É necessário ressaltar que, apesar das classificações bibliográficas terem uma base nas classificações filosóficas, elas são distintas conforme Barbosa (1962, p.2) esclarece no trecho seguinte:

as primeiras classificações foram puramente filosóficas, científicas ou até metafísicas e não serviram para serem aplicadas aos livros, pois a finalidade era apenas a de dividir os conhecimentos humanos. Portanto, quando falamos em classificação dos conhecimentos, estamos nos referindo à classificação puramente teórica e, quando falamos em classificação bibliográfica, estamos nos referindo à classificação prática, isto é, à classificação dos conhecimentos adaptada à forma material dos livros. Elas são absolutamente iguais em seus princípios, diferindo porém na aplicação.

As classificações filosóficas que chegaram ao conhecimento contemporâneo foram principalmente oriundas da Grécia e de seus filósofos como Platão e Aristóteles (382 a. C –

322 a.C) filósofo grego que criou dez categorias ou predicados para classificar todo o conhecimento . De acordo com Kaula (1982, p.2-3) são as seguintes: “1 Substância, 2 Qualidade, 3 Quantidade, 4 Relação, 5 Lugar, 6 Tempo. 7 Situação, 8 Posse , 9 Ação, 10 Sofrimentos ou Passividade”.

A decimalidade da classificação de Aristóteles estará presente em outras classificações ao longo do tempo.

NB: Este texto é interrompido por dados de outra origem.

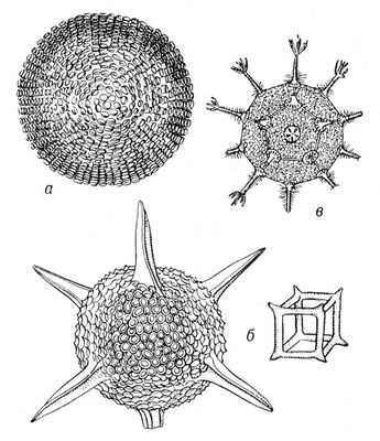 Сферическая ( лат. sphaera – шар) симметрия имеет место только у протистов, радиолярий и солнечников, тело которых сферической формы, а его части распределены вокруг центра сферы или отходят от нее. У таких организмов нет ни передней, ни задней, ни боковых частей тела, любая плоскость, проведенная через центр, разделит животное на одинаковые половинки. Сферический тип симметрии возможен только у очень мелких животных, имеющих простое внутреннее строение. Так как масса внутреннего содержимого сферы тесно соотносится с площадью ее поверхности, то с увеличением размеров и сложности и сложности сфера становится слишком большой для эффективного функционирования организма.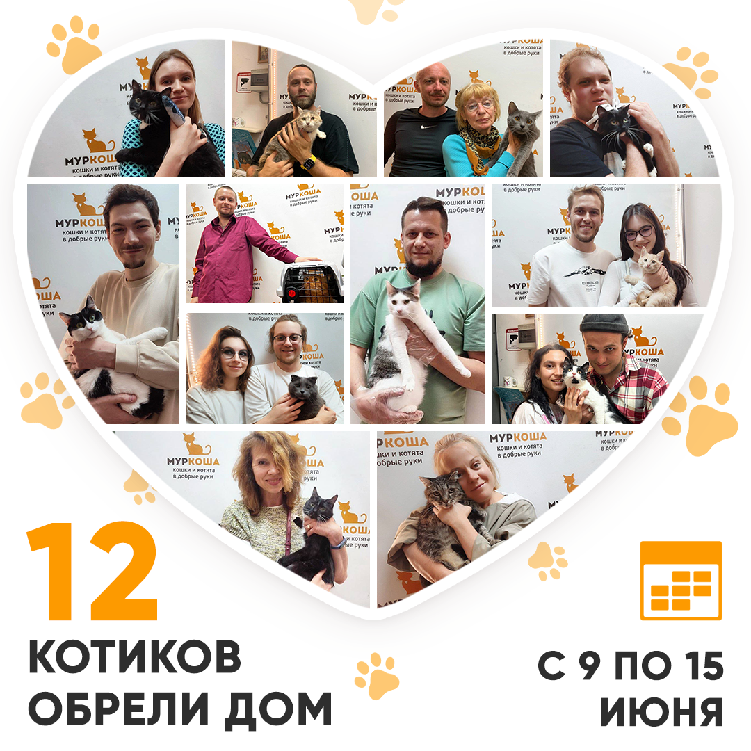 🥳 Итак, за прошедшую неделю домашними и любимыми стали 12 котиков!

Outra contribuição importante para a classificação do conhecimento foi à árvore de Porfírio (século IV) que foi influenciado por Aristóteles. A classificação elaborada por Porfírio parte da categoria mais geral até a mais específica, sendo assim hierárquica. Francis Bacon (1561-1622) também contribui significativamente com a classificação do conhecimento com a sua Baconiana (1603-1623). De acordo com Shreiner (1979, p.5):

Sua detalhada classificação foi a base de vários instrumentos destinados à organização e transferência do conhecimento. Diderot e d'Alembert organizaram sua enciclopédia de acordo com o esquema de Bacon, que no fim do século 19 era quase que universalmente adotado. Foi, entretanto, sua adaptação ao sistema decimal em 1876 por Melvil Dewey (1851-1931) que o estabeleceu definitivamente como uma das mais fortes influências na classificação bibliográfica.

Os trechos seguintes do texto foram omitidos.